I'm beginning to suspect that this might be the case.



Cuddle Donor said:


> None of that means you aren't INFP. In fact all of that applies to me as well.
> 
> I'm not artistic either. I have done graphic design and played a few instruments but never taken any of it seriously.
> 
> As for how you treat your emotions, that is what Introverted Feeling is all about. Fi is still a form of rationalising, it just a holistic and personal approach rather an atomistic and impersonal one. Emotions can be scary and embarassing for a lot of INFPs and they like to work them out before expressing them. They are still aware of them though. INTPs are often oblivious to their feelings, how they affect their decisions and when they are being expressed in themselves or others.


And therein lies my dilemma. I'll have to do some more research on the specific functions. Especially T/F with respect to emotion and conflict.



Cuddle Donor said:


> Welcome back by the way.


Thanks. It's good to be back.



Nyx Asteria said:


> When I was first introduced to MBTI i got the general idea that all thinkers are harsh, rash, conflict-loving people. Later it turns out that alot of thinkers actually "hate" conflict and like getting along with people. Probably through a correlation of enneagram and MBTI will you discover that not all MBTI stereotypes apply to each person in the type.
> 
> I have unemotional cold hearted INFP friends.
> I have unintelligent irrational Thinker friends.
> ...


Thanks for the link. I'll peruse this and see what comes up. Perhaps a thorough determination of my Enneagram type would also help...



Trope said:


> Sounds familiar to me. I only confront when I can no longer evade and/or it seems necessary for the resolution of an issue I can't willfully ignore. It doesn't happen often and I keep it as brief as possible when it does.





hotgirlinfl said:


> I'm the same exact way I don't like conflict or critism





slowriot said:


> About conflict, when I dont see a purpose in it I evade from it aswell. I like harmonious relationships.

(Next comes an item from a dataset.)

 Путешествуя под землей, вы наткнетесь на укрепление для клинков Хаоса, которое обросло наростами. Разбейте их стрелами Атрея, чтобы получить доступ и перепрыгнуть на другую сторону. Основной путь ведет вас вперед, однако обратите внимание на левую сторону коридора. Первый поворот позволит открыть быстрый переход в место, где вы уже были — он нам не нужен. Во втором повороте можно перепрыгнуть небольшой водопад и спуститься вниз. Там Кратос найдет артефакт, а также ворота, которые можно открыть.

This is a useful little nugget to ponder. I suppose I might be failing to properly distinguish between "debate" and "conflict". I don't mind a good debate once in a while, but if someone starts arguing with me with no apparent cause or purpose, especially over some completely subjective reason like my taste in music or TV shows, I tend to get defensive. And as I said earlier, I can't handle criticism very well at all.



Perseus said:


> Back from the pub, so i am running higher on Intuition.
> 
> Try the Paragon test click on my signature. My N says you are INTJ.


I: 11
N: 10
T: 8
P: 9

If there's one letter I'm sure about, it's that P.



slowriot said:


> I think that what you say about masks is interesting. I've come across this a few times lately and have been thinking if feeling make you do that. I know we all do masks to a certain extend I just dont think that I put as much attention on that as say F types. I try to be me to all people, I to a certain degree never consciously put on a facade.

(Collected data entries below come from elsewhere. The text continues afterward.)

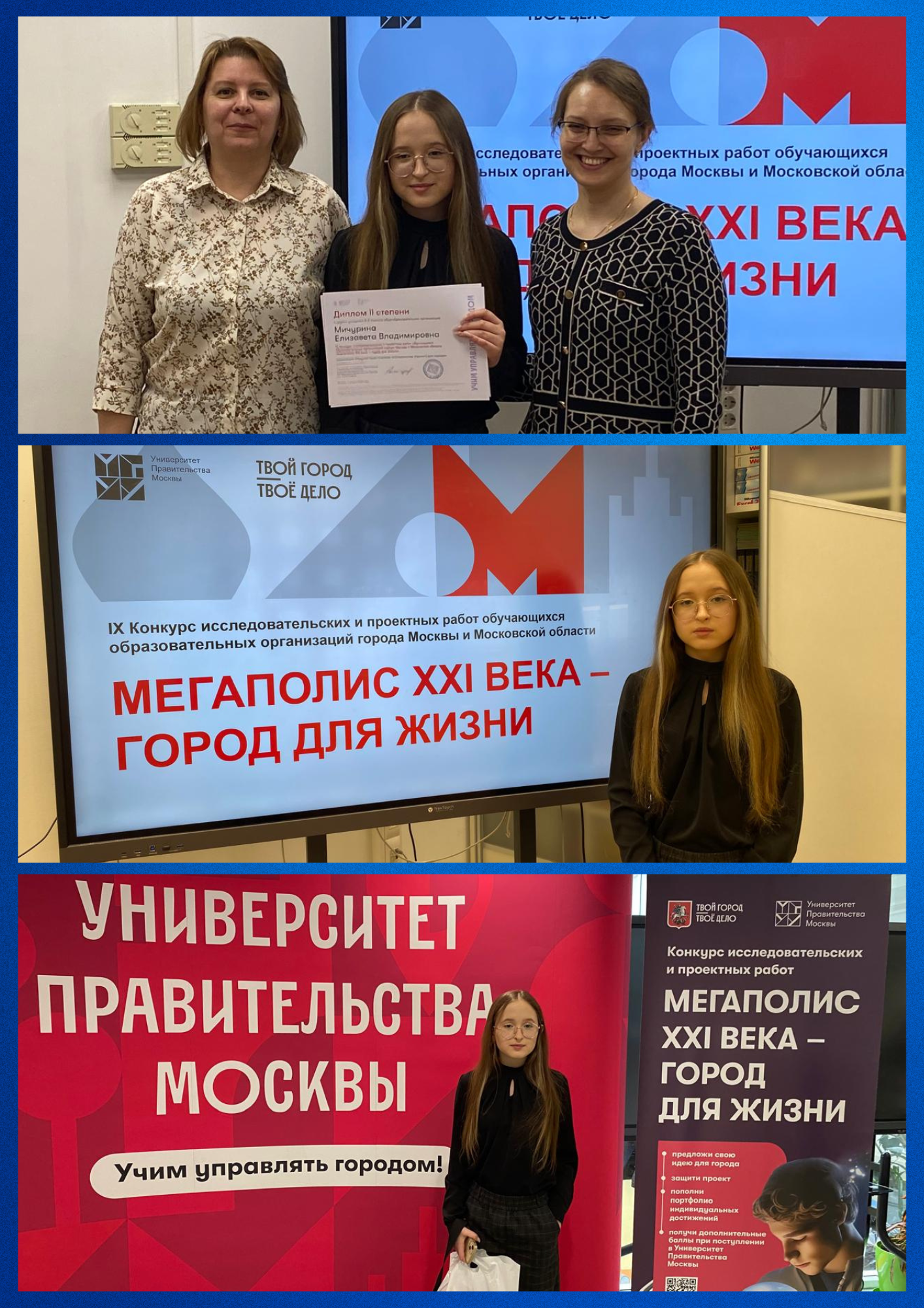 Учащиеся нашей школы приняли активное участие в IX Конкурсе исследовательских и проектных работ, обучающихся города Москвы и Московской области «Мегаполис XXI века- город для жизни» ГАОУ ВО «Московский городской университет управления Правительства Москвы имени Ю.М. Лужкова» (далее – Университет). Предметом Конкурса являлись исследовательские и проектные работы по актуальным и социально значимым для современного города вопросам развития городского пространства, формирования современной, комфортной для жизни инфраструктуры.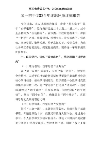 【七哥公文】2025年:某一把手2024年述职述廉述德报告+更多免费公文+VX:QiGeGongWen2024+更多免费公文+VX:QiGeGongWen2024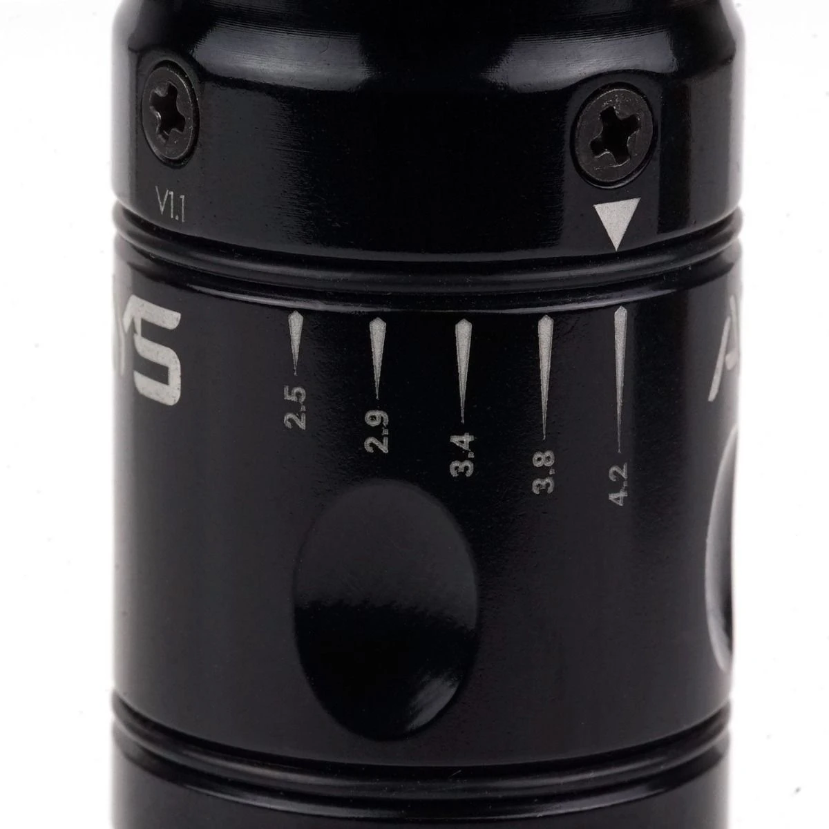 A pen machine with 5 different stroke options, adjustable on the fly via a neat little single-turn ring, meet the Axys Valhalla. The stroke options are 2.5mm, 2.9mm, 3.4mm, 3.8mm and 4.2mm. Now that’s versatile tattooing right here.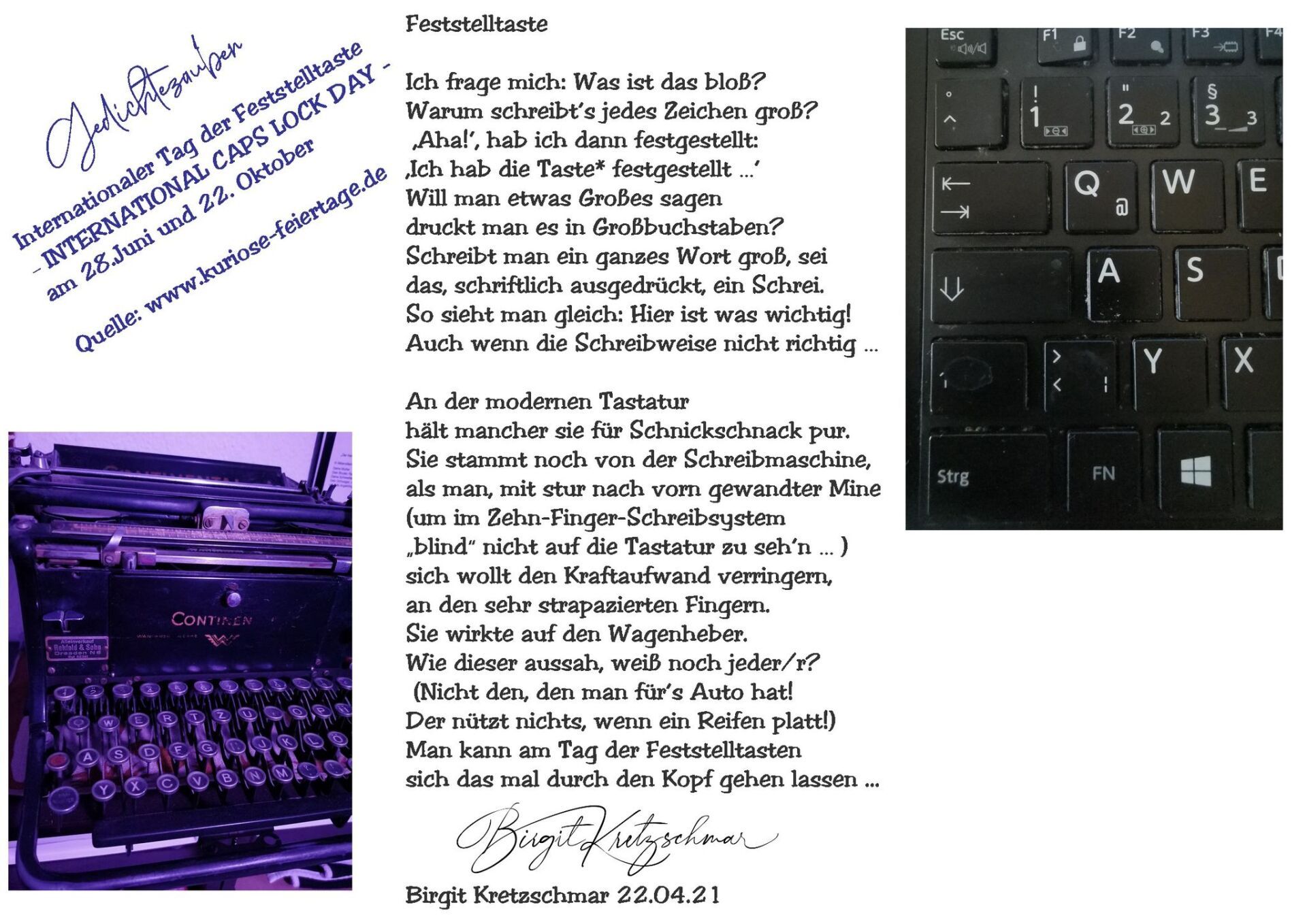 Man kann am Tag der Feststelltasten

I noticed this in college when I was doing volunteer work for a local school. While I was at the school doing tutoring work, I had a sort of "mentor" aura. When I was hanging out with dormmates, it was more of a ... well, it's hard to describe, but it definitely wasn't the same "mentor" aura from the volunteer work. When I'm with friends from high school, it's more of a "quiet mad scientist" vibe. Not to mention the changes that show up when I'm fatigued, sleep-deprived, etc. When I say that my personality/mood/tastes depend on the time of day, or who I'm with, or what's on TV, I'm not really kidding.


----------